The weekend’s newspapers did not improve Brown’s self-confidence. Their opinion polls showed that Blair was the favourite in the party and the country. Brown, it was implied, might withdraw on the basis of a prior agreement with Blair not to stand against each other. Brown called the party’s pollster Philip Gould and asked who was the favourite to win. ‘ I said Tonywithout hesitation,’ Gould recalled. ‘Gordon asked me why, and I replied that Tony not only met the mood of the nation, he exemplified it. He would create for Britain a sense of change, of a new beginning, which Gordon could not do.’ More irritating was Mandelson’s appearance on Channel 4 News describing his ideal candidate as the person ‘who would fully maximise support for the party in the country’.

Brown was stewing, and his mood worsened the following morning, Monday, 16 May, when a letter from Mandelson, setting out the position as he saw it, was delivered to Brown’s office on the other side of the corridor. Brown, said Mandelson, was attracting sympathy from the lobby for his position, not least because of his unrivalled intellectual position, but he had a problem in not appearing to be the front-runner. The conclusion was painful. If Brown ran it would be a gift to the party’s enemies, and he would be blamed by the media for creating the split. The remedy would be intensive briefings to sell himself, wrote Mandelson, but the regrettable consequence of that would be to weaken Blair’s position. Even then, success could not be guaranteed. Ultimately, the card the media were playing for Blair was his ‘southern appeal’.

Mandelson may have been stating the obvious in unpartisan words, but to Brown, coiled like a spring in his lust for power, the truth was intensely hurtful. He regarded the weekend’s media analysis, the suggestion of an agreement between himself and Blair, and Mandelson’s letter as calculated to undermine his chances. ‘We’ve been betrayed,’ he muttered to a friend. He also suspected that Mandelson was helping Blair, and encouraged Tribune to report the alliance. Blair was alarmed by that possibility and directed Anji Hunter and later Michael Meacher to telephone the editor Mark Seddon. ‘It’s simply not true,’ Hunter exclaimed. The newspaper did not publish the accurate story.
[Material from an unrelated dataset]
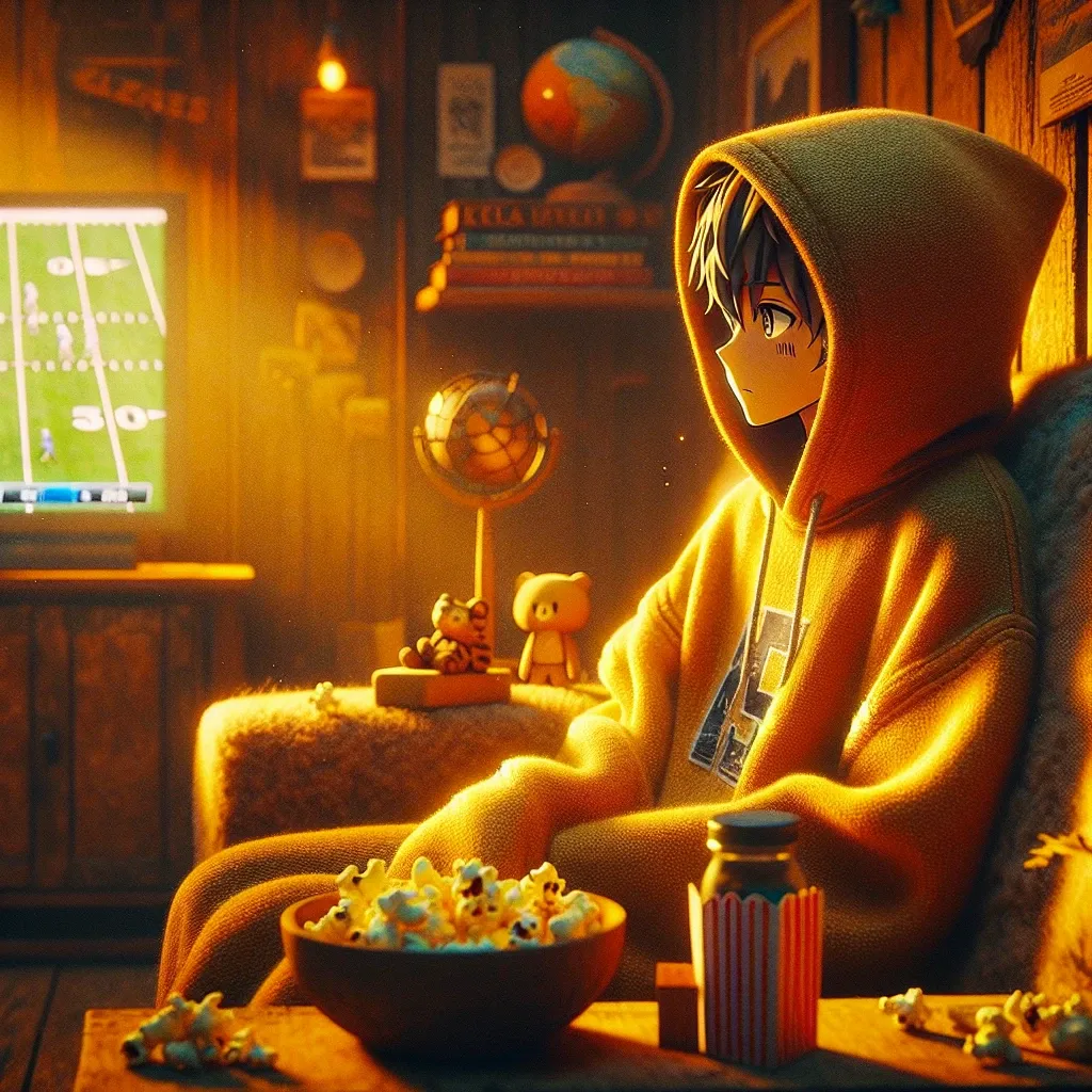 A cozy room filled with warm light, featuring a young anime character resembling Tsuna from *Katekyo Hitman Reborn!*, wearing a slightly worn, buttery-yellow hoodie that wraps around him like a comforting cocoon. He sits on a plush couch, the glow of a TV showing a Dallas Cowboys game flickering in the background. The atmosphere is calm, with soft shadows dancing on the walls, creating a nostalgic feel. Scattered around are popcorn remnants and adventure memorabilia. Tsuna's expression is reflective yet determined, embodying gentle strength. The textures of the hoodie contrast with the cozy environment, symbolizing vulnerability and resilience
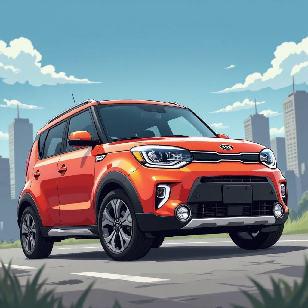 This image shows a Kia Soul reimagined as a superhero in a One Punch Man-inspired anime style. The C-class hero strikes a pose against a simple cityscape backdrop with vibrant colors.

Four days after John Smith’s death, the message was ‘Brown in mourning’, but the reality was also of a politician fretting. Brown required a bandwagon if he was to win the prize. Mandelson’s judgement was unfortunate but not necessarily decisive if Brown actively campaigned for support, seeking out and converting dissenters. Secluded in his office, he relied on an inner circle of MPs – Nick Brown, Doug Henderson, Andrew Smith, Nigel Griffiths and Eric Clarke, the former leader of the Scottish miners – for advice. He never paused to contemplate the possibility that outsiders might dislike a Scottish clique as much as he disdained the London establishment. Nor did he recognise how the personal weaknesses of his political advisers reflected poorly on himself. ‘Tell me what you think,’ Brown said to Henderson, who had been tramping around Westminster. ‘I don’t think you can win,’ reported his ambassador, knowing that Brown’s two brothers were urging him to stand.

While Brown hesitated, Blair, encouraged by a personal message from David Ward that Brown had not been John Smith’s favourite son, was actively seeking support. Chris Smith, David Blunkett, Adam Ingram, the MP for East Kilbride, and Frank Dobson each expressed their support. Brown was shocked. Dobson, he had thought, would favour his redistributive socialism. Instead, Dobson complained that rather than encourage consensus government, Brown would cluster his favourites around himself. ‘ He’s an iceman,’ was the hurtful quotation. Brown was perplexed that even his assumption of Neil Kinnock’s endorsement was wrong. The former leader wondered aloud about Brown’s suitability. He was a bowler, not a batsman, suggested Kinnock. Not surprisingly, Charles Clarke, Kinnock’s chief of staff, was telling everyone that he had telephoned Blair immediately after Smith’s death to urge him to run for the leadership. Presentation and personality rather than politics was the issue. The party was desperate for an election victory. Blair may have been too right-wing for many in the party, but he was likely to appeal to the English middle class.